# What you should do
In the copy, keep every word of the data below and none of its pictures.

# Information shown
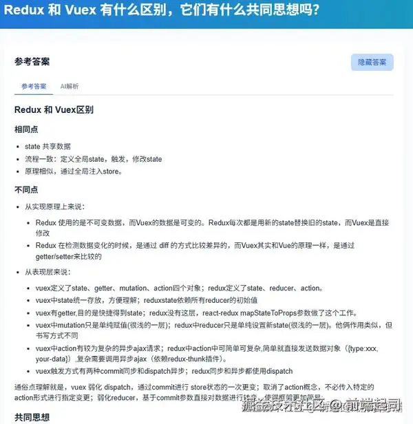 Redux 和 Vuex 有什么区别,它们有什么共同思想吗?
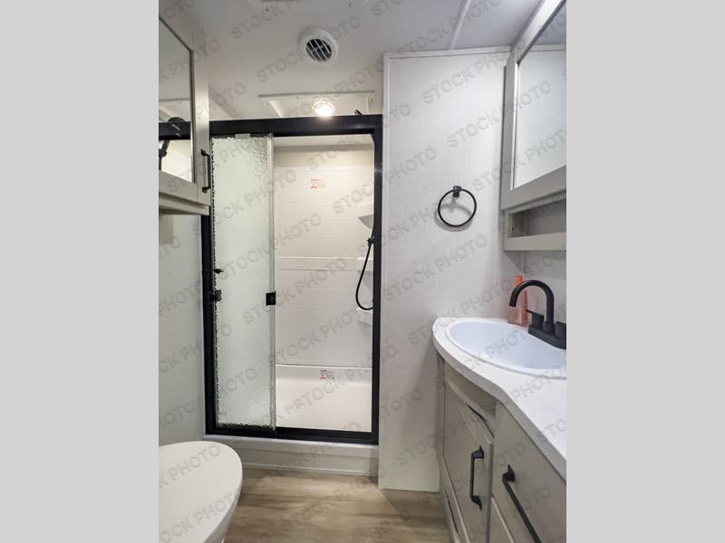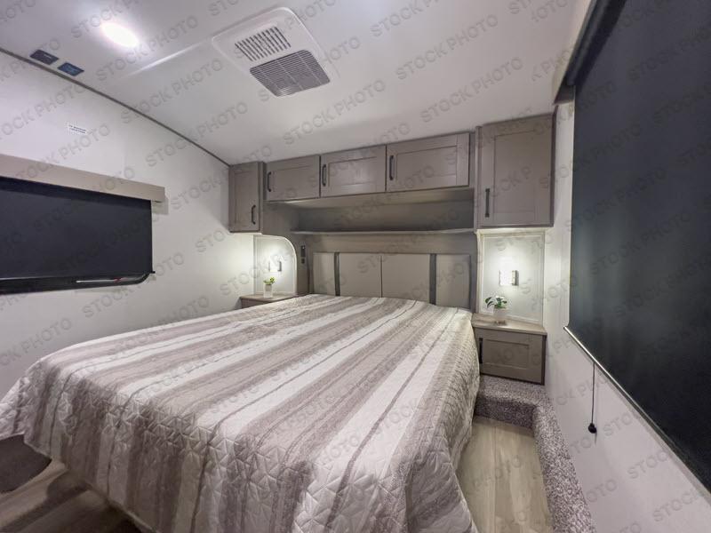 Get ready to enjoy everything the campgrounds and surrounding area has to offer when you are setup to camp in this fifth wheel! The two electric awnings offer protected areas creating outdoor living spaces; just grab your camping chairs from the unobstructed pass-through storage. And the interior offers a spacious living area and kitchen combination with dual opposing slides for maximum space. You can sit on the tri-fold sofa or the dinette to lounge back and rest after a day of adventure. The hutch and kitchen island offer counter space to prepare and serve meals, and there is a large pantry for goodies. The 40" LED HDTV with a fireplace below provides entertainment before bedtime or on a rainy day. And the front bedroom offers privacy, a walk-around queen bed, and plenty of storage!
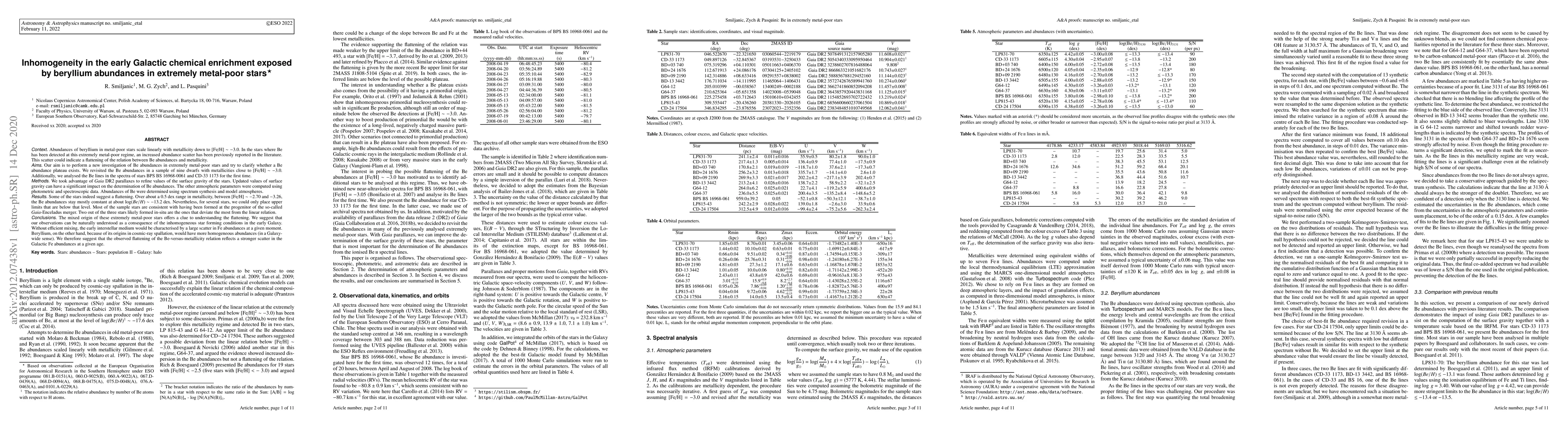 This study investigates beryllium abundances in extremely metal-poor stars, revealing a constant Be abundance between [Fe/H] ~ -2.70 and -3.26, suggesting inhomogeneity in early Galactic chemical enrichment. The findings imply varied Fe abundances at a given age, contrasting with more homogeneous Be abundances originating from cosmic-ray spallation.

# Your solution
 Redux 和 Vuex 有什么区别,它们有什么共同思想吗?
 Get ready to enjoy everything the campgrounds and surrounding area has to offer when you are setup to camp in this fifth wheel! The two electric awnings offer protected areas creating outdoor living spaces; just grab your camping chairs from the unobstructed pass-through storage. And the interior offers a spacious living area and kitchen combination with dual opposing slides for maximum space. You can sit on the tri-fold sofa or the dinette to lounge back and rest after a day of adventure. The hutch and kitchen island offer counter space to prepare and serve meals, and there is a large pantry for goodies. The 40" LED HDTV with a fireplace below provides entertainment before bedtime or on a rainy day. And the front bedroom offers privacy, a walk-around queen bed, and plenty of storage!
 This study investigates beryllium abundances in extremely metal-poor stars, revealing a constant Be abundance between [Fe/H] ~ -2.70 and -3.26, suggesting inhomogeneity in early Galactic chemical enrichment. The findings imply varied Fe abundances at a given age, contrasting with more homogeneous Be abundances originating from cosmic-ray spallation.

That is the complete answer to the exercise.